New Suit: JCPenney Scammed Consumers With Deceptive Pricing

The latest company to be hit with a deceptive pricing class action: JCPenney, charged with falsely inflating “original” prices to create a misleading impression of big discounts that don’t actually exist.

Kansas resident Ann Cavlovic claimed that she fell for the tactic when she saw a pair of gold earrings while shopping at a JCPenney store in September 2014. Marked with an “original price” of $524.98, Cavlovic paid $171.66 based on a purported 60 percent sale discount and additional 25 percent promotional discount.

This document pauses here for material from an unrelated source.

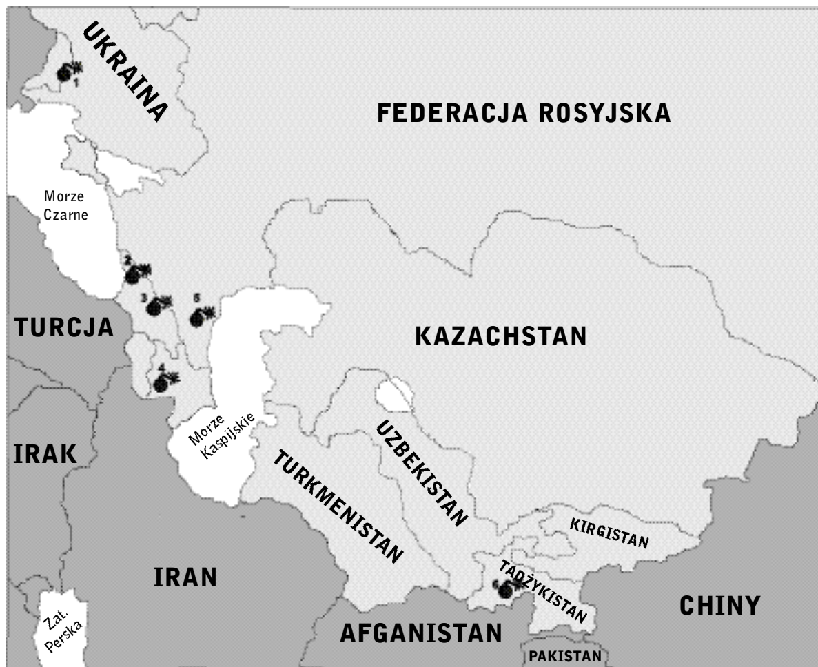
Mapa 1. Ważniejsze konflikty zbrojne na obszarze postradzieckim

But when she got home and opened the packaging, Cavlovic found a pricing insert listing the original price for the earrings at just $225. Had the store’s original price matched the list price, she would only have paid $73.58 after the applicable discounts, she alleged in her suit. Instead, she paid more than twice that amount because JCPenney falsely inflated the “original” price as part of a company-wide strategy.

She alleged that the company instituted the plan in 2011 to mark up its products “by a significant margin and then immediately offer those products at what it represented to be steep discounts.” It temporarily halted the practice in February 2012, when it switched to a new price advertising strategy known as “fair and square,” where JCPenney offered its products at “everyday low prices,” but when that strategy failed, the company revived the deceptive price advertising scheme in early 2013, Cavlovic said.

“In essence, JCP marked up its products so that its subsequent ‘discounts’ would appear to be a good deal and would induce Kansas’ consumers to purchase the products it was selling,” according to Cavlovic’s complaint.

Cavlovic alleged that in addition to being expressly forbidden by Kansas law, JCPenney’s pricing strategy runs afoul of Federal Trade Commission pricing regulations, which state that if “the former price being advertised is not bona fide but fictitious—for example, where an artificial price, inflated price was established for the purpose of enabling the subsequent offer of a large reduction—the ‘bargain’ being advertised is a false one; the purchaser is not receiving the unusual value he expects.”

To read the complaint in Cavlovic v. J.C. Penney Corp., click here.

Why it matters: Deceptive pricing lawsuits are a hot trend in consumer class actions. Initially filed against outlet stores, the cases now target all types of retailers from online giant Amazon to Kohl’s, which paid $6.15 million to settle a suit over a purportedly false pricing scheme last April.